On a Monday, you ask incredulously? Maybe you did not get out of Sunday what you were supposed to. So what is the purpose of our assembling together? It may not be what you have always thought.
I think our best verse is good old Hebrews 10:25, only forget the way we always use it, shaking our fingers in the faces of those who miss services. Start with the verse ahead: let us consider one another to provoke to love and good works... exhorting one another...
Too often we focus all our attention on the assembly as if that is the whole of our service to God. What it should be is refueling, so we can go out and continue to serve during the week. Romans 12:1 is key to understanding this: ...present your bodies a living sacrifice, holy, acceptable to God, which is your spiritual worship. You probably have a version that says "spiritual service," but that word can also be translated "worship,” and sometimes is. The way I live my life, if I live it as and because God wants it, is a type of worship to God, not just those few hours a week. By compartmentalizing our religion to a certain day, time, and place, we are giving God those lame sacrifices Malachi talks about in Malachi 1:8. God expects our all, all the time--not just on Sundays. And he has given us our brethren to encourage us and keep us on the right track when we meet together, provoking one another to love and good works as we go about the rest of our week. "One another" means we are all doing that, not just the preacher. Did you do your part yesterday, or did you go just to be entertained?

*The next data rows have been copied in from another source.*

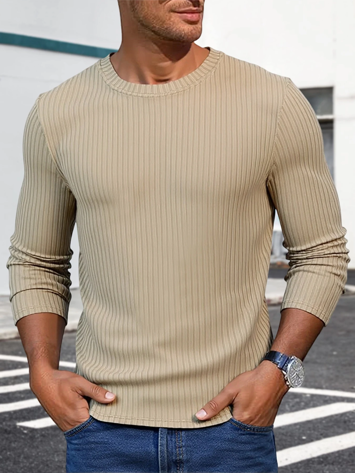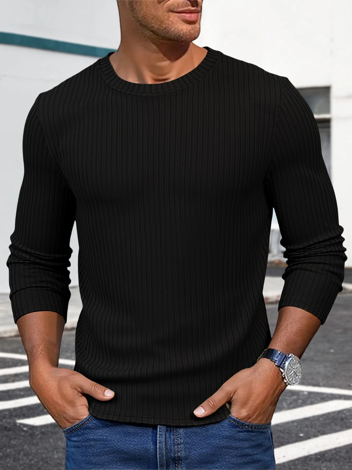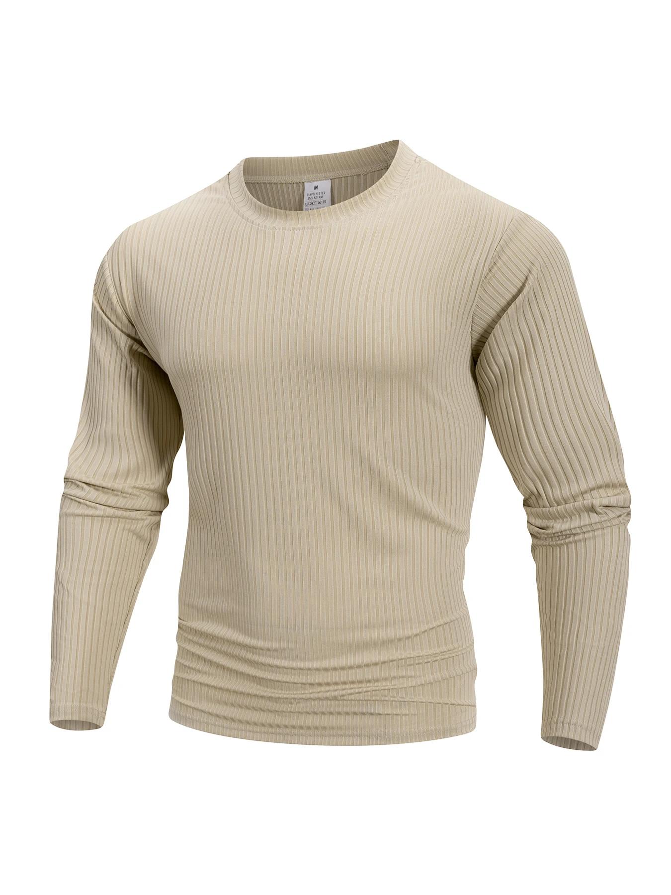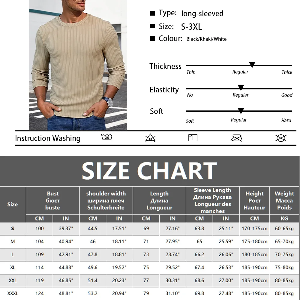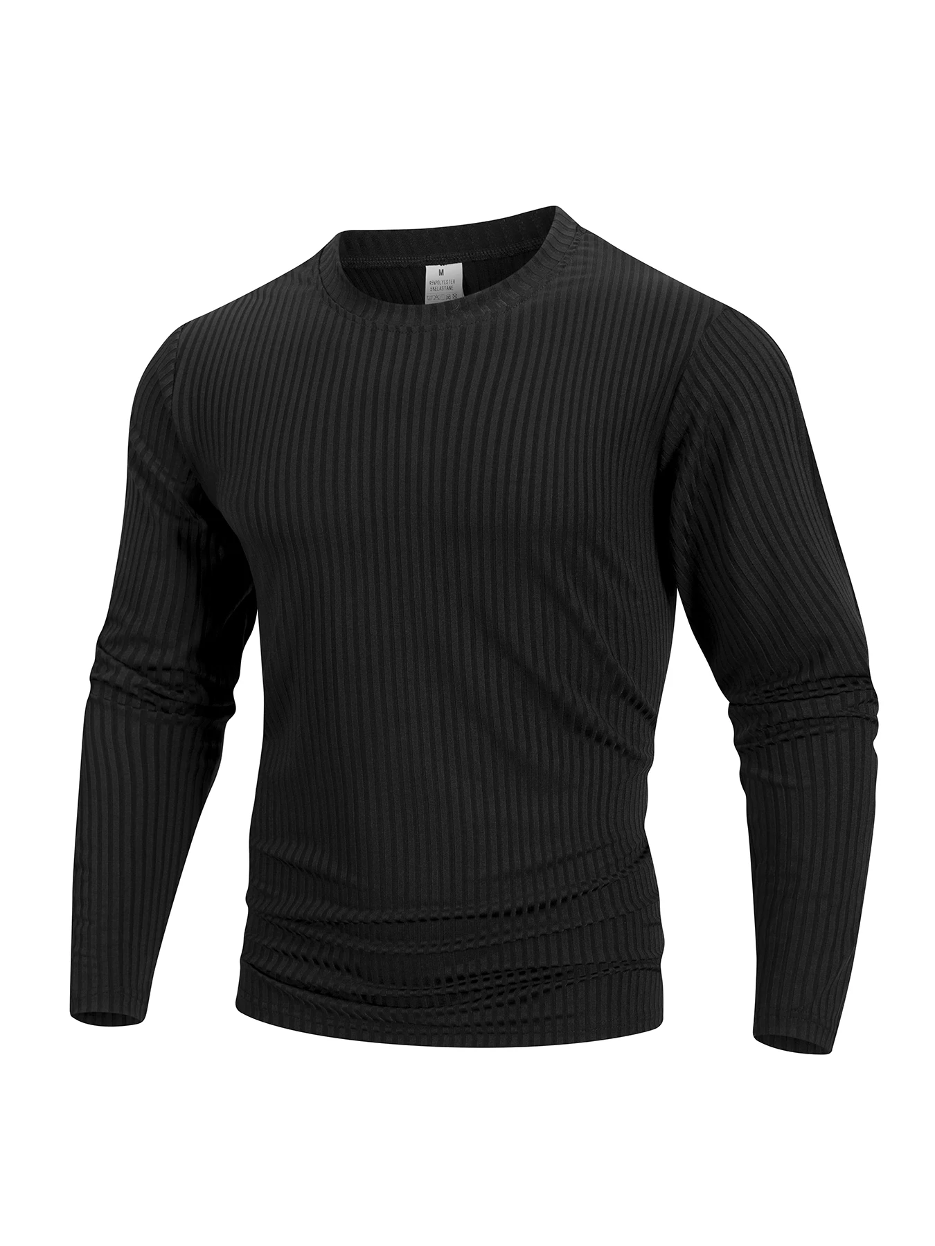 Spring Summer Men's Crew Neck Long Sleeve Top Fitness High Stretch Base Shirt Solid Color Casual Long Sleeve Pullover Clothing
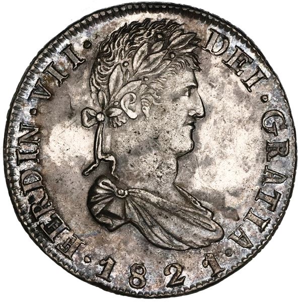 1797 - Zacatecas, Mexico, bust 8 reales, Ferdinand VII, 1821RG, HISPAN variety, NGC AU 58.Sedwick & Associates, LLC
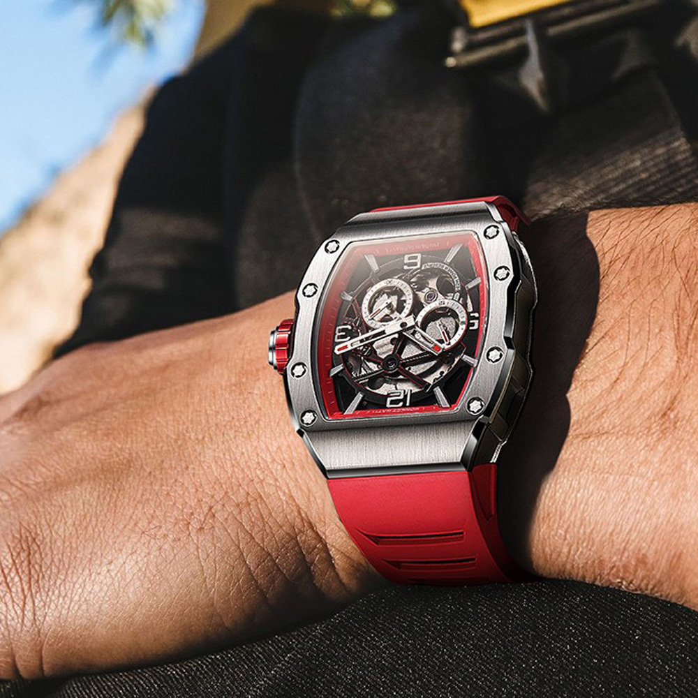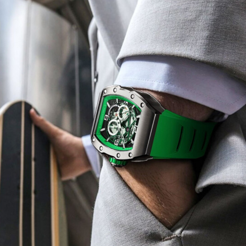 有別於絕大多數運動錶的圓形外觀,BONEST GATTI 為【魅影】系列賦予相對小眾的酒桶形錶殼,增加與眾不同的識別度。BONEST GATTI 以新潮立體大膽的風格,來打造【魅影】系列的酒桶形外觀,其中最吸睛的莫過於錶殼兩側垂直的勾槽紋路,取材超跑的流線工藝,而氟化橡膠錶帶輕盈服貼的特性,更是展現超跑向來追求輕量化與高速貼背感的舒適性。
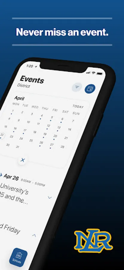 The event section shows a list of events throughout the district. Users can add an event to their calendar to share the event with friends and family with one tap.
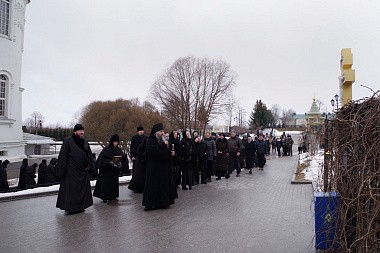 В Троицком соборе обители правящему архиерею сослужили викарий Нижегородской епархии епископ Дальнеконстантиновский Филарет, благочинный Саровского округа протоиерей Александр Долбунов, руководитель Административного секретариата епархии иерей Александр Тенькаев, старший священник Дивеевского монастыря иерей Владимир Каргин и другие клирики епархии.
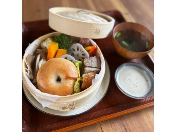 季節の麹ベーグルと地場野菜のセット 麹バーニャカウダーソース Instagramより

Somehow we think rituals are the only things that qualify as worship. Many passages in the Old Testament mention the people praying, or singing, or sacrificing, and then "they worshiped," almost as if those other acts were not worship (e.g. 2 Chron 29:29,30). And maybe there is a point there: we can do all those things, at the "right time," in the "right place" (translation: on a pew inside a building with a certain sign over the door), and still not be worshiping. Worshiping is prostrating the heart before God, not the body, and he expects us to do that all day long, every day.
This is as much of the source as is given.